Use gravity for self massage!
Thoracolumbar fascia links the upper torso to the legs and dictates a lot about how we move. Tight lower back fascia can be a source of postural imbalance and compression of the vertebrae. You can use products such as the Yoga Monkey Massage Swing, fits snugly over the sacrum and around the waist. It then sinks into the fascia and uses gravity and your body weight to give a localised massage and loosen stiff fascial tissue. This can give more space in the lower back and more fluid movement instantly.

The neuromuscular effect
If one of your lower back nerves feels like it is on fire and nearby muscles have tightened, just hang upside down in the Yoga Monkey Massage Swing. The pressure of the swing pushes deep into your lower back muscles until the nerve is stimulated. This is intense and you feel the beginning of that electric shock feeling as the localised contact has now interrupted the normal activity of the nerve and the muscle can begin to relax. The sensation is a glorious release of pressure similar to acupuncture. This pressure can also loosen chronic muscle knots and dead fibrous muscle tissue and encourage more blood to the area to stimulate muscle fibre repair.

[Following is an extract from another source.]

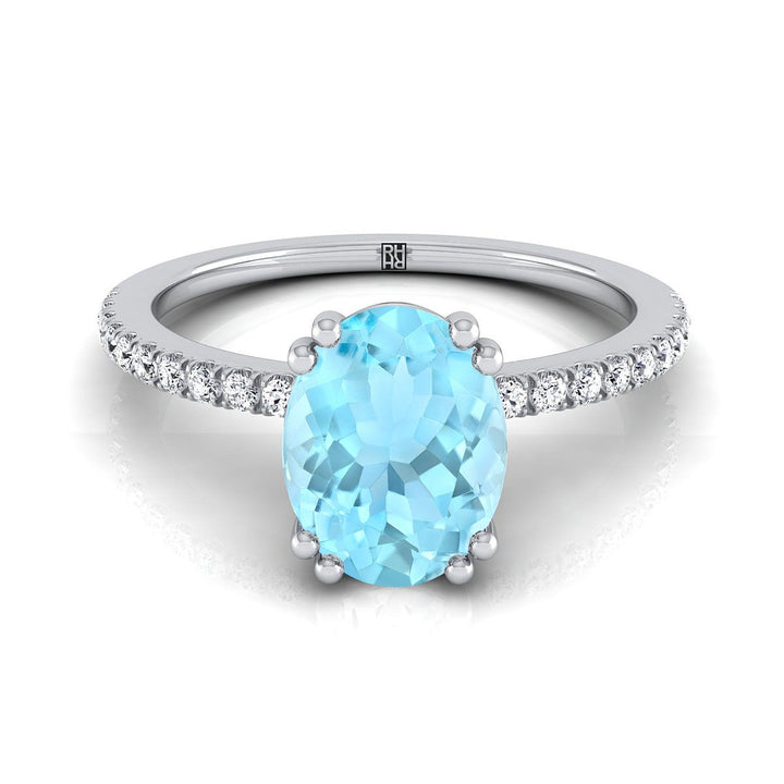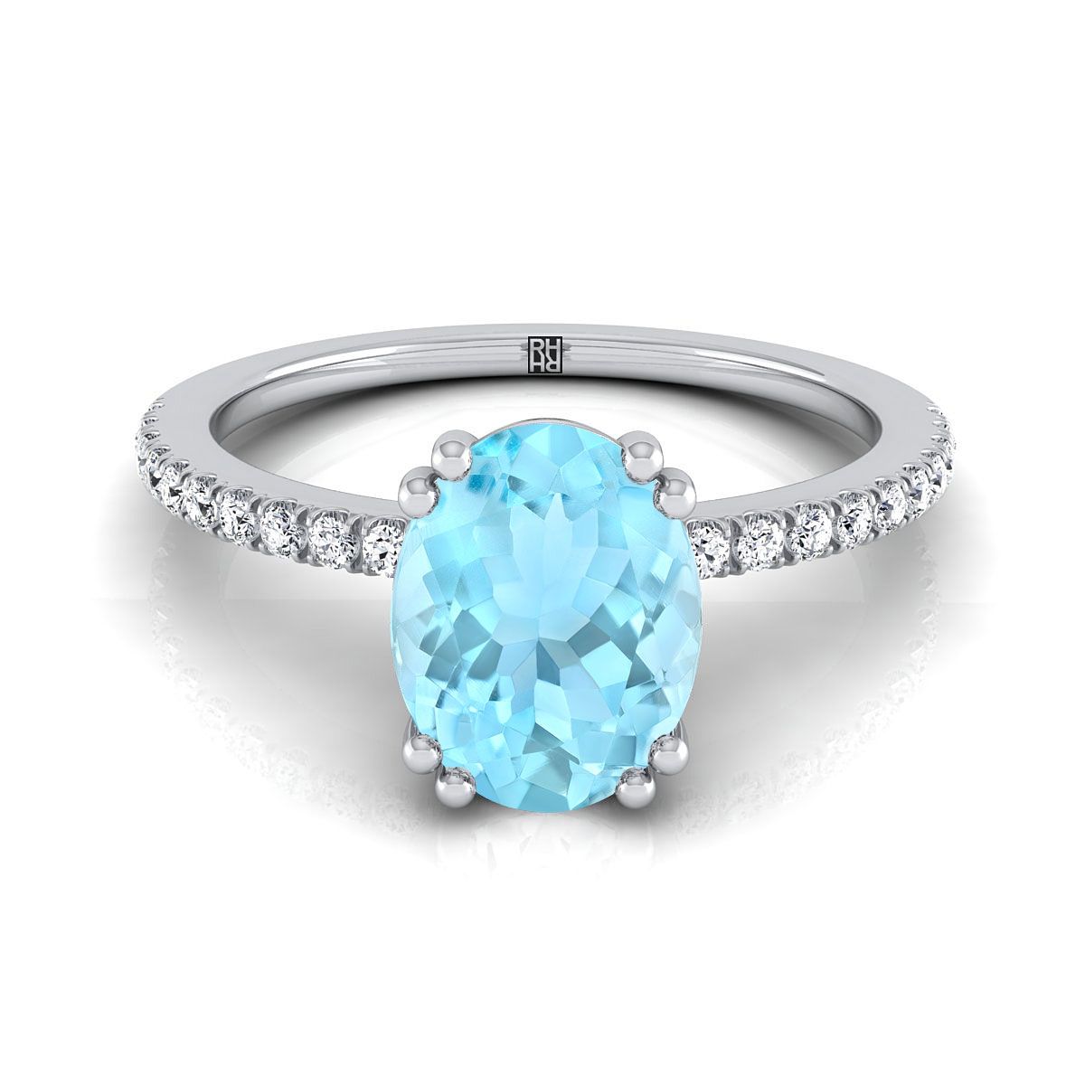 แหวนหมั้นเพชรแบบหนีบคู่ฝรั่งเศสเรียบง่ายรูปไข่อะความารีนแพลทินัม - 1/6ctw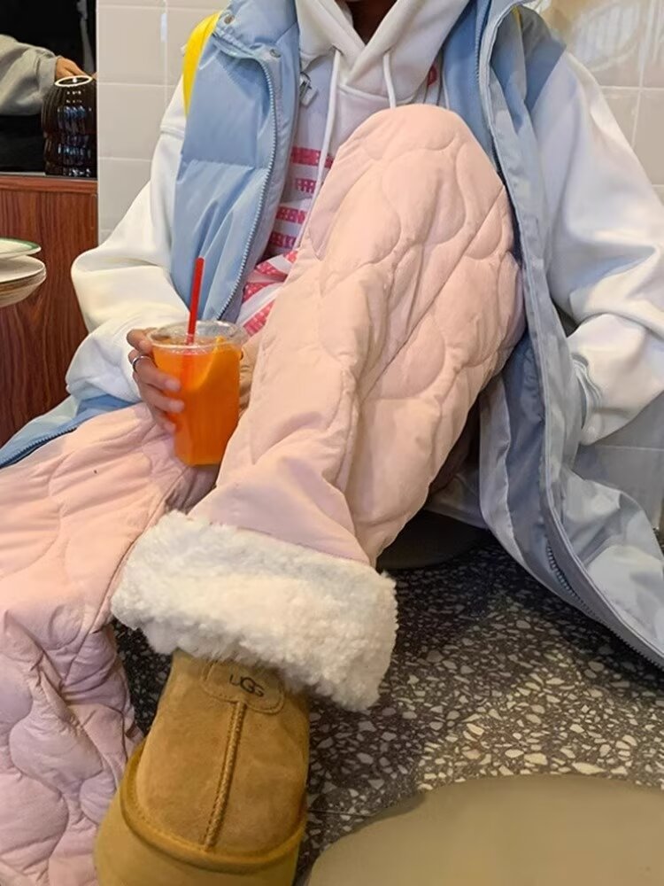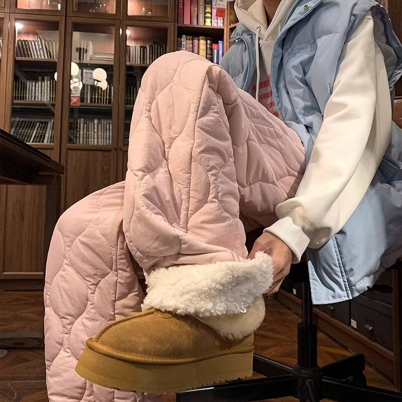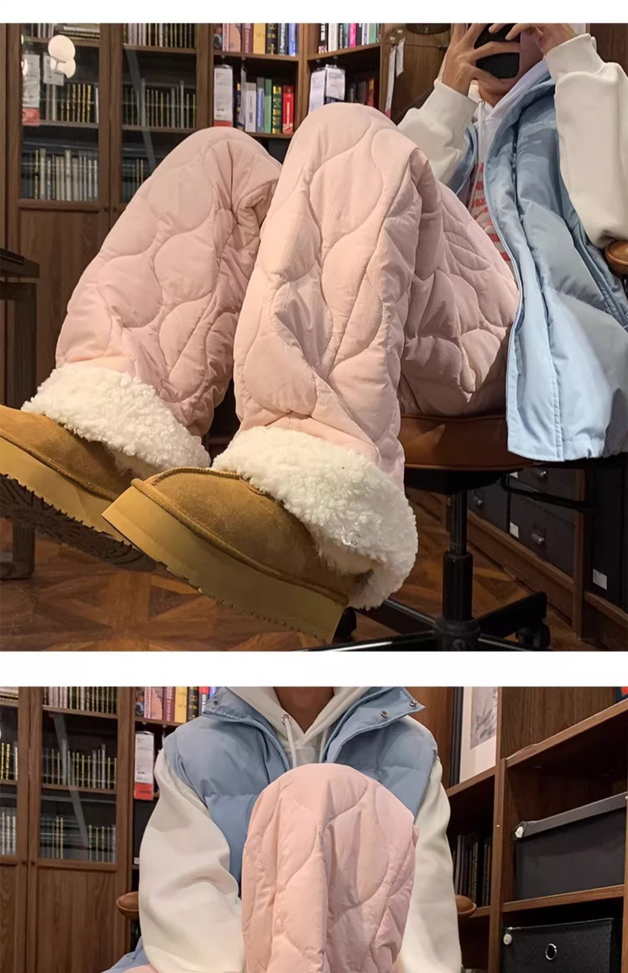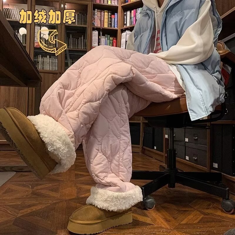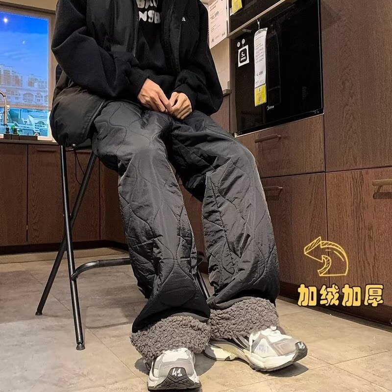 차가운 바지를 기모 남성과 여성을위한 냉장 캐주얼 양고기 따뜻한 바지 겨울 유행 느슨한 양고기 양털 격자 직선 바지스토어 가기

Relaxation and cleansing of muscles
Some people constantly look like they are shrugging their shoulders and saying ‘I dunno’. They are likely stressed and their muscles are tight as a result. This is where muscle fibres are in constant contraction have a reduced blood flow, meaning they don’t get the oxygen needed to fuel proper muscle function. As the muscle is not working, there is no relaxing and contracting motion to make the lymph system pump waste chemicals out of the muscles and back into the blood. The solution is simple – hanging upside down uses gravity to send waste chemicals through the lymph system and out the exit points in the chest to the veins of the cardio-vascular system.  Normally the lymph system has to work against gravity and does not benefit from a heart pump like the cardiovascular system. Also, as the muscle is now stretched by the inversion, there is more space for blood to enter the muscle and encourage healthy muscle function. You can find a bit more information about this here or here.

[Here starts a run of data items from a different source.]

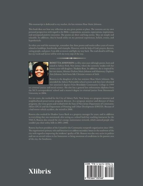 This manuscript is dedicated to my mother, the late minister Rose Marie Johnson. This book does not bear any reflection on any given person or place. The contents are my own personal perspectives with regard to the Bible-expressions, accounts, expectations, inspirations, and anticipated positive outcomes. The poems are short and long stories. They are simple and relatable. In addition, they're based solely on my personal experiences, beliefs, events, and hypotheticals. So when you read this manuscript, remember that these poems and stories reflect years of events related to hardships, heartbreaks, and triumphs. However, with the help of God, prayers, doctors, caring people, and grace, I was able to recover and fight my way back. The road ahead is still long, but my Lord and Savior will be with me every step of the way.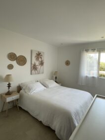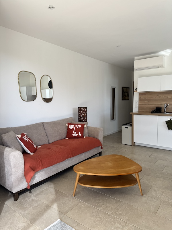 Patios di Pruno vous propose le T2 « Roccapina » de 44 m2 pouvant accueillir 2 adultes, 1 enfant et 1 bébé. Chambre spacieuse avec lit Queen Size et 1 lit pliant. Pour bébé, lit parapluie à la demande et gratuit.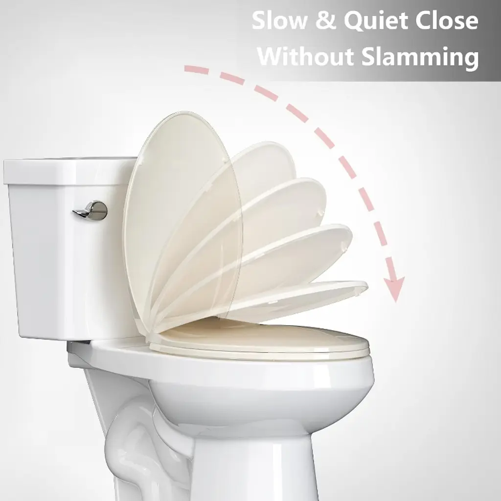 Coucheta Elongated Slow Close Toilet Seat Cover - Quiet, Durable Never-loosen Lid, Easy To Install And Clean, Polypropylene, 19" Almond

Meditation – Take the weight of the world off your shoulders and turn the world upside down, literally
During hanging inversions, your muscles can suddenly relax as there is no need for them to do their normal job of keeping you upright and balanced. With no need for your muscles to contract, the Golgi tendon sensor, which is designed to protect tendons from tearing from excessive contraction, has no job. Your muscles just stretch passively. As the stretch is slow and gentle, the sensors designed to protect against muscle tears: the ‘muscle spindles’, also have a reduced job. As the sensors in the back muscles have less to do, the nerves do not have to send as many electrical signals back and forth to the spinal cord. This is called a reduction in ‘electromyographic’ (EMG) activity. Reduced EMG means your muscles are calmer and your body is less active, and your mind has a chance to shut off and calm down. Also, the sense of balance in your ear, which works together with your eyes and muscles to stop you from falling over, is not needed, So, just hang, lose balance and get chilling!

Wake up!
Being upside down makes it easier for blood to go to the brain and nourish it with blood and oxygen needed for optimum brain function.

Have a yogic poo!
If you’re constipated, one cause may be that the food is struggling to fight gravity and make it up the ascending colon. Being upside down gives your yogi poo a flying start on its minging journey. Stomach massage in a clockwise direction can also finish off the job. It’s probably better to make sure you’re not inverted when faecal evacuation actually begins, however.